(SUPPLIED INFORMATION)
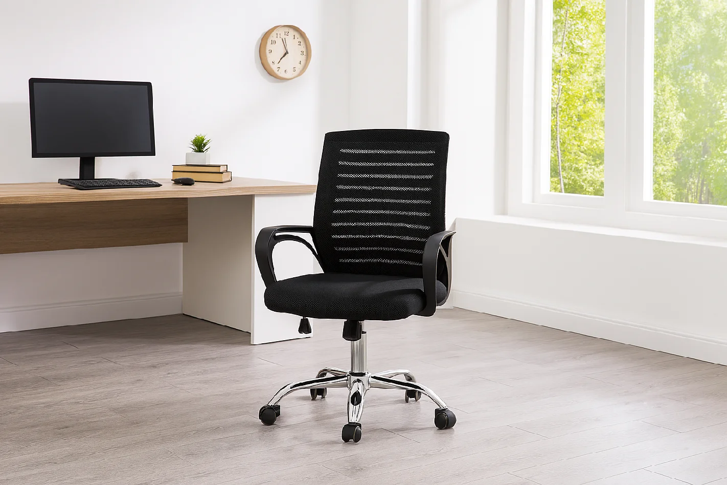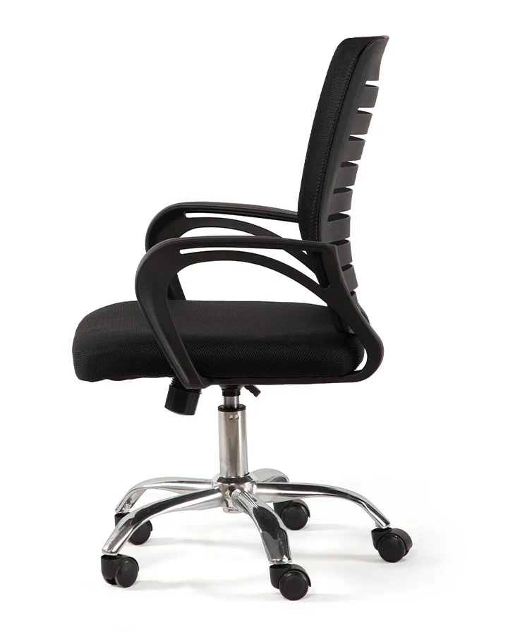 Díky prodyšnému síťovanému opěradlu zůstává sezení příjemné i během delší práce u počítače.
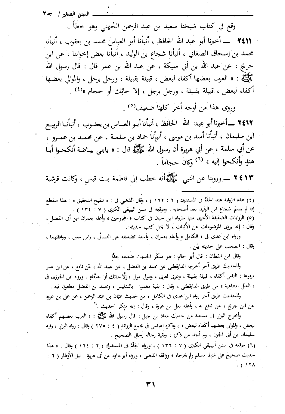 2411 - أَخْبَرَنَا أَبُو عَبْدِ اللَّهِ الْحَافِظُ، ثنا أَبُو الْعَبَّاسِ مُحَمَّدُ بْنُ يَعْقُوبَ، ثَنَا مُحَمَّدُ بْنُ إِسْحَاقَ الصَّغَانِيُّ، ثنا شُجَاعُ بْنُ الْوَلِيدِ، ثنا بَعْضُ إِخْوَانِنَا، عَنِ ابْنِ جُرَيْجٍ، عَنْ عَبْدِ اللَّهِ بْنِ أَبِي مُلَيْكَةَ، عَنْ عَبْدِ اللَّهِ بْنِ عُمَرَ، قَالَ: قَالَ رَسُولُ اللَّهِ صَلَّى اللهُ عَلَيْهِ وَسَلَّمَ: «§الْعَرَبُ بَعْضُهُمْ أَكْفَاءٌ لِبَعْضٍ، قَبِيلَةٌ بِقَبِيلَةٍ، وَرَجُلٌ بِرَجُلٍ، وَالْمَوَالِي بَعْضُهُمْ أَكْفَاءٌ لِبَعْضٍ، قَبِيلَةٌ بِقَبِيلَةٍ، وَرَجُلٌ بِرَجُلٍ، إِلَّا حَائِكٌ أَوْ حَجَّامٌ»
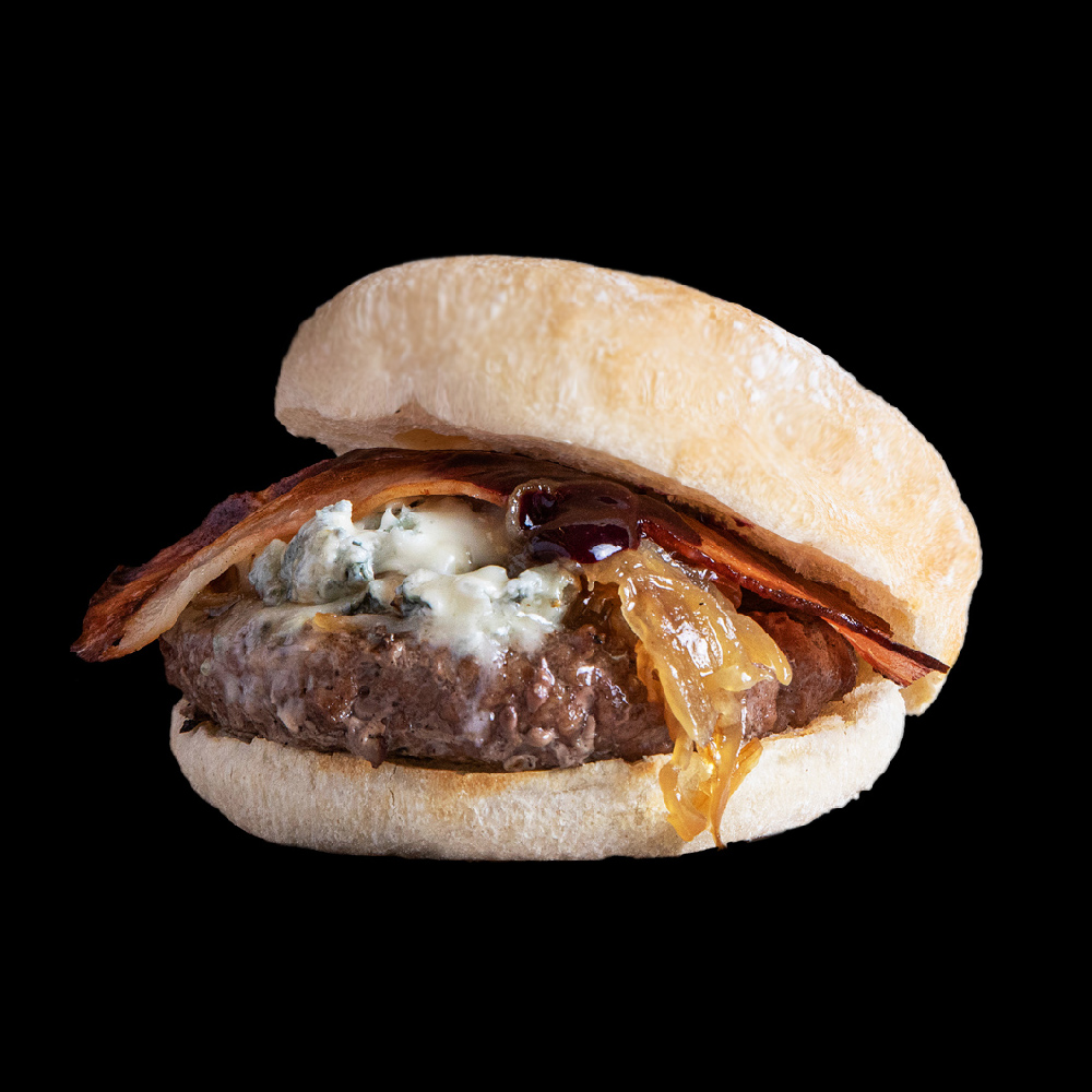 Crujiente pan rústico, 180gr de carne de vaca, fundido de queso gorgonzola, cebolla caramelizada, bacon crujiente y salsa de frutos rojos.
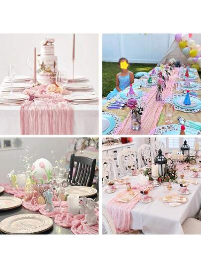 1個粉色芝士布桌布波西米亞紗布芝士布鄉村透明桌布,適用於婚禮、新娘派對、嬰兒派對、生日派對或假日派對、蛋糕展示和浪漫晚宴桌面裝飾橫幅 - 粉色 - 查看 6
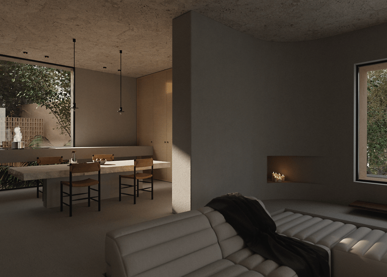 Clean, photorealistic images shaped by light and materiality, designed to highlight spaces, atmosphere, and key design details.
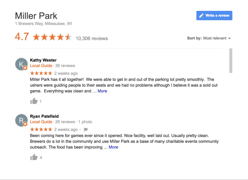 Google Local Guides is a global community of the top reviewers on Google. Think of it as Google’s version of Yelp Elite. The more reviews a user writes and posts on Google, the more benefits he or she enjoys. If you get a review from a Google Local Guide, it’s more likely to show up at the top of your reviews when a user clicks on your GMB listing. That may be because Google gives special preference to Google Local Guide reviews, or simply because these reviews tend to be longer and include photos.
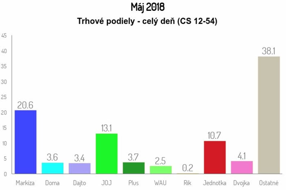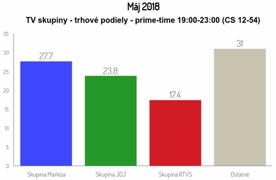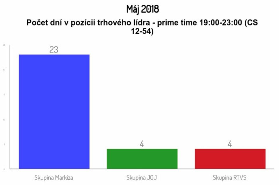 Skupina Markíza si so stanicami Markíza, Doma a Dajto v uplynulom máji 2018 aj napriek silnej konkurencii hokejových majstrovstiev sveta udržala stabilnú pozíciu jednoznačného celodenného lídra na slovenskom televíznom trhu. V obchodnej cieľovej skupine 12-54 dosiahla výborný priemerný celodenný trhový podiel 27,5 % a konkurenčnú skupinu Joj (19,5 %) tak predstihla s rozdielom až 8,0 percentných bodov. Jednotkou na trhu bola skupina Markíza v 24 z 31 májových dní.
(End SUPPLIED INFORMATION)
ACTION ITEM:
Skip every picture and return the lines above from the top through the one that contains "2411 - أَخْبَرَنَا".

OUTPUT BELOW:
 Díky prodyšnému síťovanému opěradlu zůstává sezení příjemné i během delší práce u počítače.
 2411 - أَخْبَرَنَا أَبُو عَبْدِ اللَّهِ الْحَافِظُ، ثنا أَبُو الْعَبَّاسِ مُحَمَّدُ بْنُ يَعْقُوبَ، ثَنَا مُحَمَّدُ بْنُ إِسْحَاقَ الصَّغَانِيُّ، ثنا شُجَاعُ بْنُ الْوَلِيدِ، ثنا بَعْضُ إِخْوَانِنَا، عَنِ ابْنِ جُرَيْجٍ، عَنْ عَبْدِ اللَّهِ بْنِ أَبِي مُلَيْكَةَ، عَنْ عَبْدِ اللَّهِ بْنِ عُمَرَ، قَالَ: قَالَ رَسُولُ اللَّهِ صَلَّى اللهُ عَلَيْهِ وَسَلَّمَ: «§الْعَرَبُ بَعْضُهُمْ أَكْفَاءٌ لِبَعْضٍ، قَبِيلَةٌ بِقَبِيلَةٍ، وَرَجُلٌ بِرَجُلٍ، وَالْمَوَالِي بَعْضُهُمْ أَكْفَاءٌ لِبَعْضٍ، قَبِيلَةٌ بِقَبِيلَةٍ، وَرَجُلٌ بِرَجُلٍ، إِلَّا حَائِكٌ أَوْ حَجَّامٌ»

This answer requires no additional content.